The sizes you pick decide where you can play. The network you join decides how well you get paid. If you’re looking for good partners to run these banners with, AffRoom is a vetted catalog of ad networks and affiliate programs where you can filter by what you actually need and talk to managers directly.

Comments (3)

  1. Thank you so much for being honest about “dinosaurs” like 468×60 and other “supported but dead” formats. Many beginners (and even experienced teams) believe the official Google documentation, which states, “We support 427 banner sizes.” In reality, 99% of the inventory consists of just 9 formats, while the rest are either technical ghosts or spots with a CPM of 3 cents and a 0.01% CTR. A question based on your experience: is there any way to “revive” traffic on non-standard sizes for specific niches? For example, if I’m advertising B2B software for lawyers, and legal portals suddenly have a lot of 250×250 inventory (which isn’t on your list). Is it worth taking the risk and designing for these rare formats, or is it better to always scale down to 300×250 and hope Google adapts it?
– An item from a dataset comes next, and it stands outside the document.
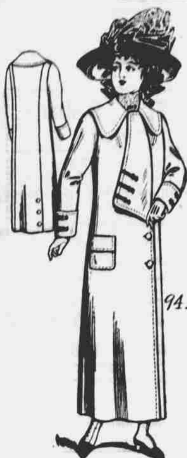
9412. Kabát pro děvčata a menší dámy. — Střih v 5 mírách: pro 14, 15, 16, 17 a 18leté. Jest třeba 3 1/2 yardu 50-palcové látky pro 15leté.

  2. A special mention goes to highlighting the 320×100 as a “sleeping hit.” The experience of many affiliate marketers confirms that the difference in CTR between 320×50 and 320×100 can be two to three times greater, because it’s difficult to fit even readable text and a button into a small banner. And the CPM increase is often only +10–20%, which makes 320×100 more cost-effective. A question about mobile layout: do these banners fall under “responsive compression” by publishers? Sometimes you order a 320×100, but the publisher’s site physically displays it as 320×85, cropping the edges or distorting the proportions. How do you recommend checking the actual display on partners’ sites before launching a campaign? Are there blacklists of bad ad networks where they “resize” everything indiscriminately?

  3. Google’s “20% text” rule is a classic headache for marketing designers. You want to include a logo (5%), a headline (5%), a CTA button (5%), and a discount percentage (5%)—and that’s it, you’re already at 20%; any random spot pushes you into the red zone. A question about life hacks: how do you technically recommend getting around this restriction in 2026 (legally, without cheating)? For example, does Google analyze text based on image rendering or metadata? Is it possible to “weave” text into the background pattern so that the algorithm doesn’t recognize it, but a person can read it? Or has Google gotten smarter after all, and is it better to simply design with minimal text + strong visuals, trusting the algorithm to extract the context from the landing page on its own?